MR-PRESSO (Mendelian Randomization Pleiotropy RESidual Sum and Outlier) is designed to detect and correct for horizontal pleiotropy. Implementing MR-PRESSO from scratch is complex, but I'll provide a basic idea of how outlier detection might be done.

      
        import numpy as np
        from numpy.linalg import eig, inv
        
        # Define the matrix power function using eigen decomposition
        def matrix_power_eig(x, n):
            values, vectors = eig(x)
            return vectors @ np.diag(values**n) @ vectors.T
        
        # Define the getRSS_LOO function
        def getRSS_LOO(BetaOutcome, BetaExposure, data, returnIV):
            dataW = data[[BetaOutcome] + BetaExposure].multiply(np.sqrt(data["Weights"]), axis="index")
            X = dataW[BetaExposure].values
            Y = dataW[BetaOutcome].values.reshape(-1, 1)
            
            CausalEstimate_LOO = np.array([
                inv(X[:i].T @ X[:i] + X[i+1:].T @ X[i+1:]) @ (X[:i].T @ Y[:i] + X[i+1:].T @ Y[i+1:])
                for i in range(len(dataW))
            ]).squeeze()
            
            if len(BetaExposure) == 1:
                RSS = np.sum((Y.flatten() - CausalEstimate_LOO * X.flatten())**2)
            else:
                RSS = np.sum((Y - np.sum(CausalEstimate_LOO[:, np.newaxis] * X, axis=1)[:, np.newaxis])**2)
            
            if returnIV:
                return RSS, CausalEstimate_LOO
            return RSS
        
        # Example of usage:
        # BetaOutcome = 'outcome_variable_name'
        # BetaExposure = ['exposure_variable_1', 'exposure_variable_2', ...]
        # data = pd.DataFrame(data) # Assuming data is already a pandas DataFrame with appropriate columns and weights
        # returnIV = True or False depending on whether you want the IVs returned
        
        # Call the function
        # rss_loo = getRSS_LOO(BetaOutcome, BetaExposure, data, returnIV)

- The data parameter is expected to be a pandas DataFrame containing the outcome, exposure, and weight columns.
- The BetaOutcome parameter should be the name of the outcome variable column as a string.
- The BetaExposure parameter should be a list of the names of the exposure variable columns.
- returnIV is a boolean that, when set to True, the function will return a list where the first element is the RSS and the second element is the LOO causal estimates.
- Ensure that your input data does not contain any None values, as this code does not handle missing data.

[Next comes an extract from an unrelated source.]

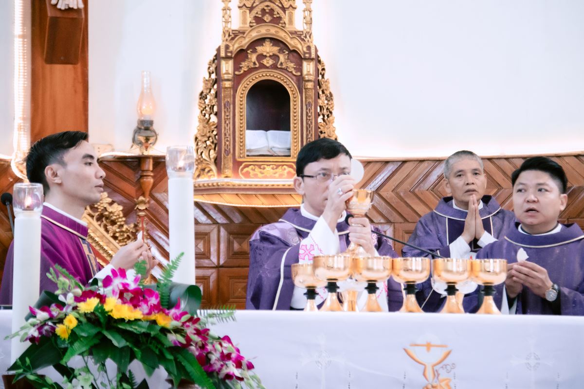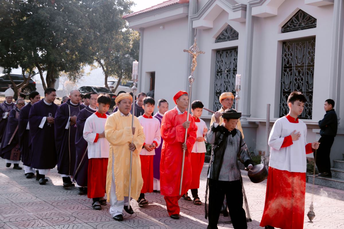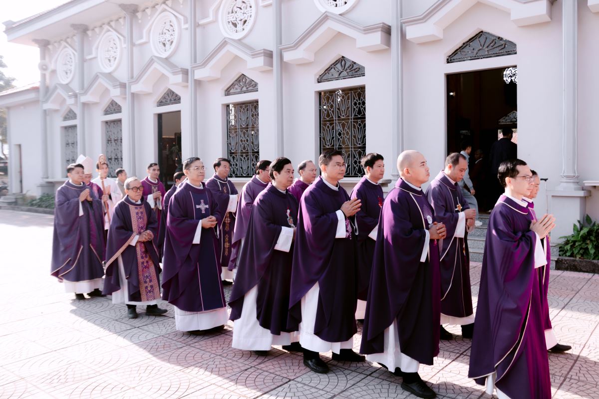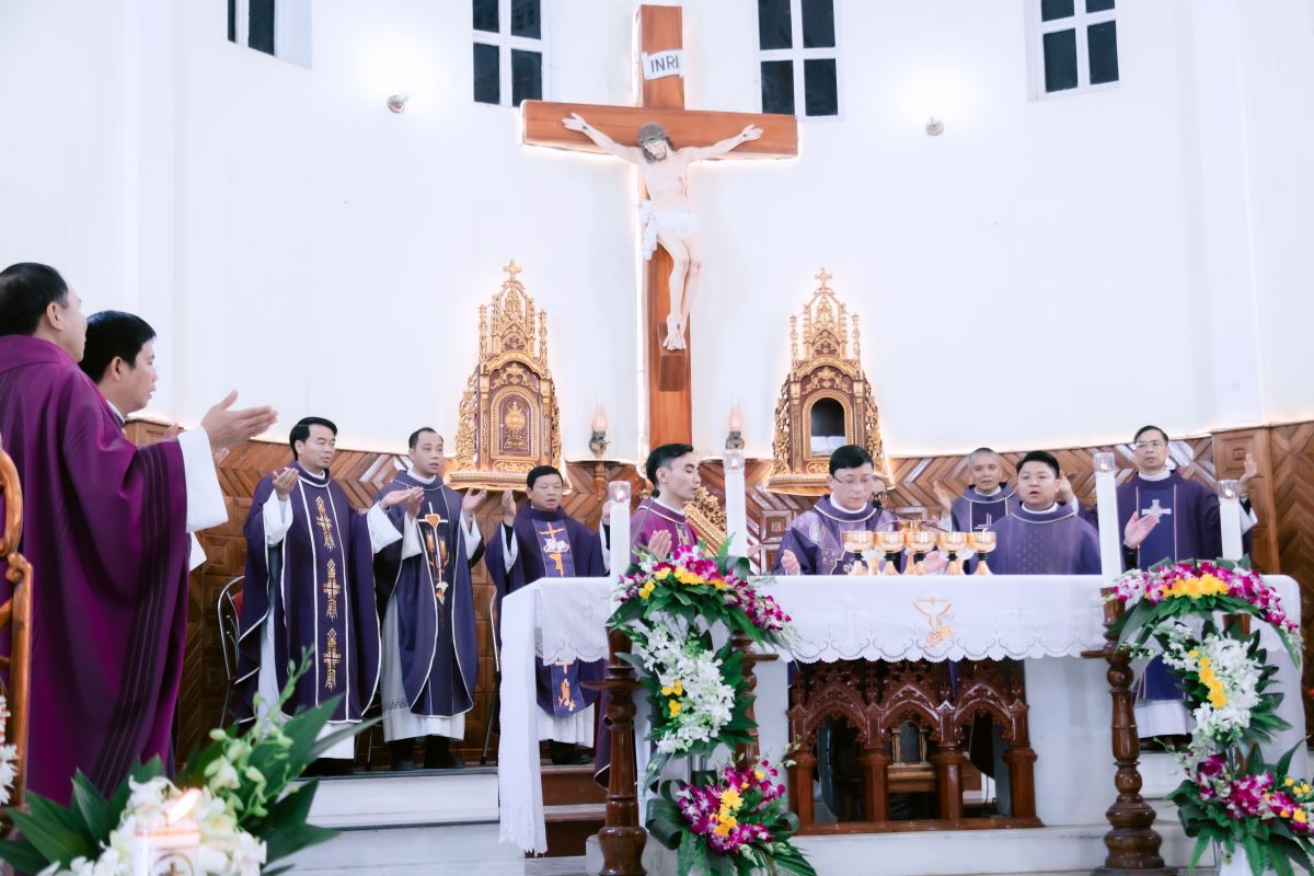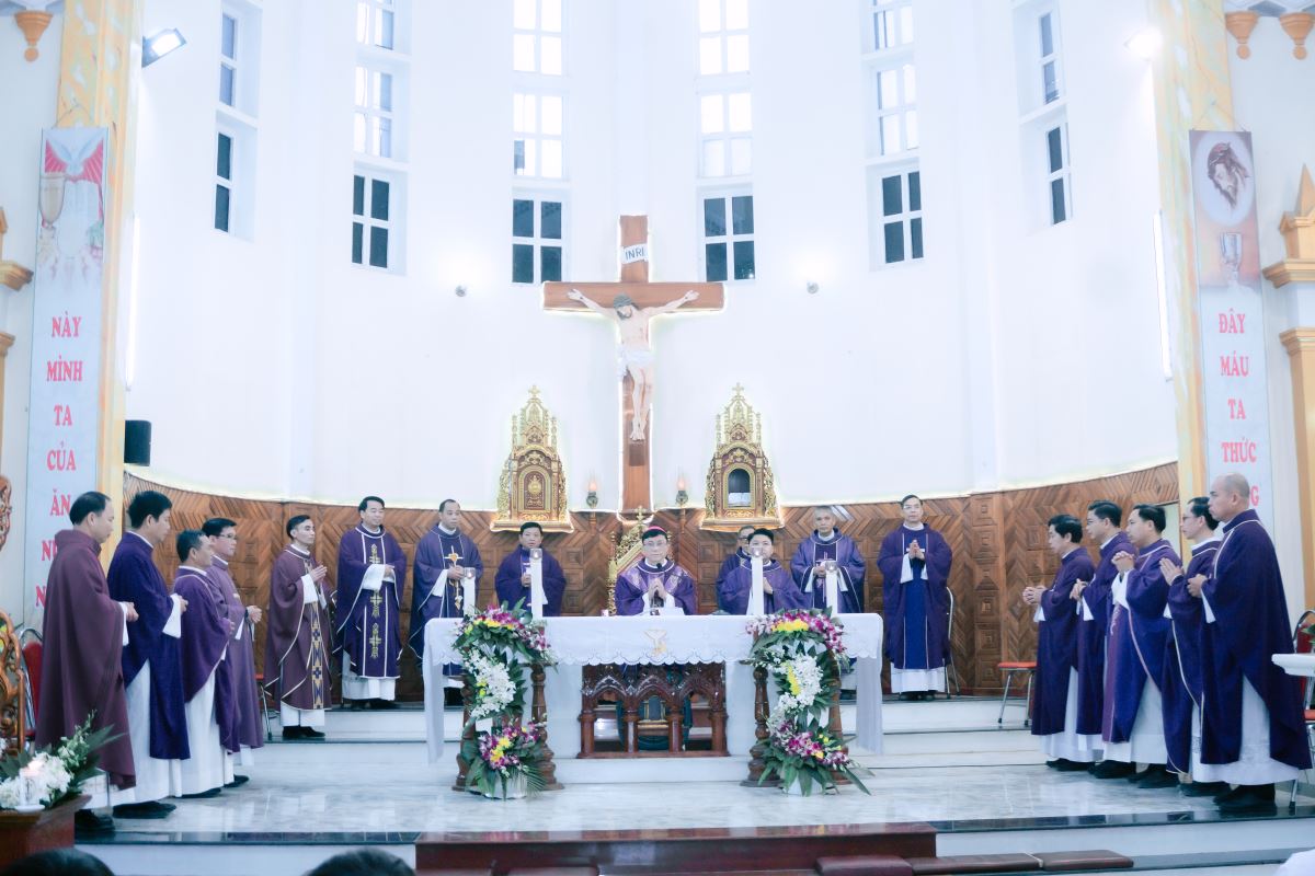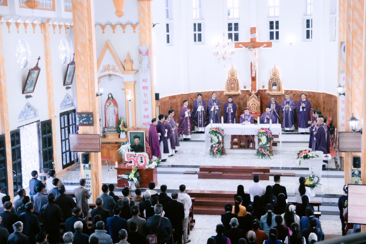 Thánh lễ được cử hành long trọng vào 8h30 sáng ngày 27 tháng 11 năm 2025, trong bầu khí linh thiêng và chan hòa tâm tình tri ân. Đồng tế với Đức cha Phaolô có quý Cha trong và ngoài Giáo hạt, cùng sự hiện diện của các tu sĩ nam nữ, thân nhân của Cha cố và đông đảo cộng đoàn dân Chúa.

If your data might have missing values, you'll need to include preprocessing steps to handle them appropriately.
Keep in mind that the above code does not implement any optimizations for performance, and the LOO process can be quite slow for large datasets since it's using a for loop in Python. Depending on your dataset size, you might want to consider more efficient approaches or parallelization.

    
    def get_random_data(BetaOutcome, BetaExposure, SdOutcome, SdExposure, data):
        def mod_IVW(i, data, BetaOutcome, BetaExposure):
            X = add_constant(data.drop(i)[BetaExposure])
            Y = data.drop(i)[BetaOutcome]
            weights = data.drop(i)['Weights']
            model = OLS(Y, X, weights=weights)
            return model.fit()
    
        # Fit the models excluding each data point (LOO - Leave-One-Out approach)
        mod_IVW_list = [mod_IVW(i, data, BetaOutcome, BetaExposure) for i in data.index]
    
        # Generate random data
        random_exposures = np.random.normal(data[BetaExposure].values, SdExposure, data[BetaExposure].shape)
        random_outcomes = np.array([
            np.random.normal(mod.predict(add_constant(row)).item(), SdOutcome[i])
            for i, (mod, row) in enumerate(zip(mod_IVW_list, random_exposures))
        ])
        # Combine the random exposures, outcomes, and weights into a DataFrame
        random_data_combined = np.hstack([random_exposures, random_outcomes[:, np.newaxis], data['Weights'].values[:, np.newaxis]])
        columns = BetaExposure + [BetaOutcome, 'Weights']
        dataRandom = pd.DataFrame(random_data_combined, columns=columns)
        
        return dataRandom

- Each mod_IVW in mod_IVW_list is fitted without the ith data point (LOO - Leave-One-Out approach).
- np.random.normal is used to create random exposures based on the original exposures and their standard deviations, and random outcomes based on the model's predictions and the outcome's standard deviation.
- I've assumed SdExposure is an array-like object with the same length as BetaExposure, providing standard deviations for each exposure variable.
- For each random outcome, mod.predict is used with the newly generated exposures (with a constant added for the intercept) to predict the outcome values, to which noise is then added based on the outcome's standard deviation.
- The random outcomes are combined with the random exposures and the weights into a new DataFrame dataRandom.
Make sure that **`SdOutcome`** and **`SdExposure`** are specified correctly and correspond to the correct standard deviations for the data being simulated. Also, the **`BetaExposure`** should match the column names of the exposure variables in your data.

    
        import pandas as pd

        # Assuming 'data' is a pandas DataFrame and the other variables are lists or strings specifying column names.
        
        # 0 - Transforming the data + checking number of observations
        data = data[[BetaOutcome] + BetaExposure + [SdOutcome] + SdExposure].dropna()
        
        # Ensuring the sign of BetaExposure's first variable is positive for all rows
        sign_correction = np.sign(data[BetaExposure[0]])
        for col in [BetaOutcome] + BetaExposure:
            data[col] *= sign_correction
        
        # Creating a new column for weights
        data['Weights'] = 1 / data[SdOutcome] ** 2
        
        # Checking the number of observations
        if len(data) <= len(BetaExposure) + 2:
            raise ValueError("Not enough instrumental variables")
        
        if len(data) < NbDistribution:
            raise ValueError("Not enough elements to compute empirical P-values, increase NbDistribution")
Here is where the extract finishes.